Une centaine de témoignages de jeunes passés par le Refuge mais aussi de bénévoles. Yohann crée alors un collectif puis une association : l’ADAR (l’Association de Défense des Anciens du Refuge) dont le but est l’accompagnement aussi bien psychologique que judiciaire des victimes du Refuge.
“Je n’aurais jamais pu faire ça sans l’association”, se confie Pierre* qui a porté plainte pour viol, abus de confiance et abus de faiblesse contre Nicolas Noguié. “C’est très douloureux d’en parler encore aujourd’hui. Mais à l’ADAR, ils m’ont accompagné sans me mettre la pression pour aller en justice. Ça m'a beaucoup aidé de recevoir du soutien et de me rendre compte que je n’étais pas seul.”
Grâce à une cagnotte en ligne, l’association prend aussi en charge les frais engendrés par la procédure judiciaire. “A l’époque, je pensais que c’était moi le problème, que c’était comme ça le monde des adultes. Aujourd’hui, je me suis rendu compte que ce que j’avais vécu n’était pas normal”, raconte Julien*. “Avec l'ADAR, j’ai pu comprendre, assumer et maintenant combattre ce que j’ai vécu.”.

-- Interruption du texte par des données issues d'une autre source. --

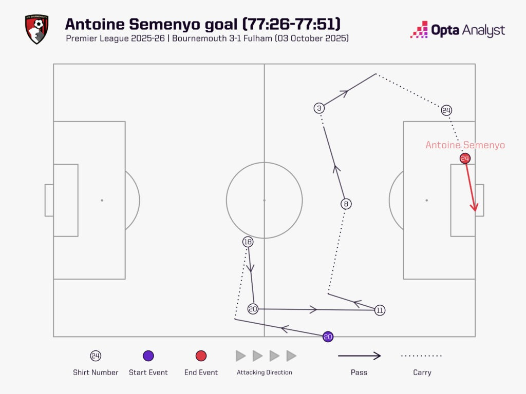 颇具戏剧性的是,塞梅尼奥最近一次高光表现,对手仍是富勒姆。他的首粒进球堪称“塞梅尼奥式经典”:左路连续突破两名防守球员,随后在小角度下将球从贝恩德·莱诺双腿间打入;第二粒进球(将比分定格为3-1)则终结了一次典型的伯恩茅斯反击——球队发起攻势时,塞梅尼奥从己方禁区深处启动,经过一次全力冲刺后,轻松完成射门(至少对他这样水平的球员而言,这记射门难度不大)。
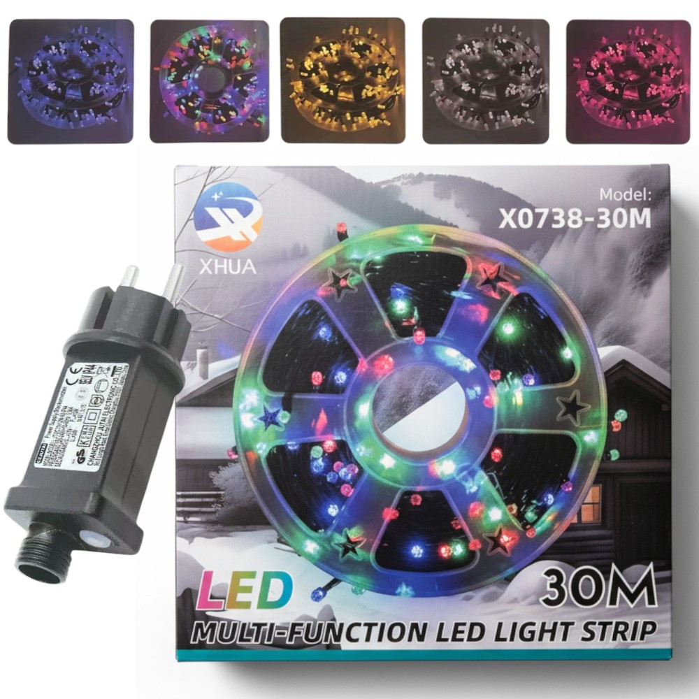 Hangulatos és látványos fénydekoráció bármely alkalomra! A 30 méter hosszú XHUA LED fényfüzér tökéletes választás karácsonyfára, teraszra, erkélyre, kerítésre vagy rendezvények dekorálására. Többszínű LED-jei meleg, ünnepi hangulatot teremtenek akár beltéren, akár kültéren.

La parole se libère encore davantage avec la publication de l’enquête de Mediapart fin 2020, puis avec l'audit qui conclut en février 2018 à “des dysfonctionnements structurels pouvant exposer salarié-e-s, bénévoles et jeunes à des situations qui semblent incompatibles avec la mission du Refuge”. Nicolas Noguier et Frédéric Gal annoncent alors leur démission.
Un nouveau conseil d’administration est nommé et des victimes de l’ancienne direction se voient proposer un poste au comité de suivi… l’espoir d’un nouveau départ.
Nous, on croit en la Fondation. Elle doit continuer d’exister car encore en 2021, ces jeunes ont besoin d’aide.
Le parquet de Montpellier a ouvert une enquête en février dernier. 18 victimes portent plainte accompagnées par l’ADAR. Leurs auditions débuteront mardi.
*Les prénoms des témoins ont été changés.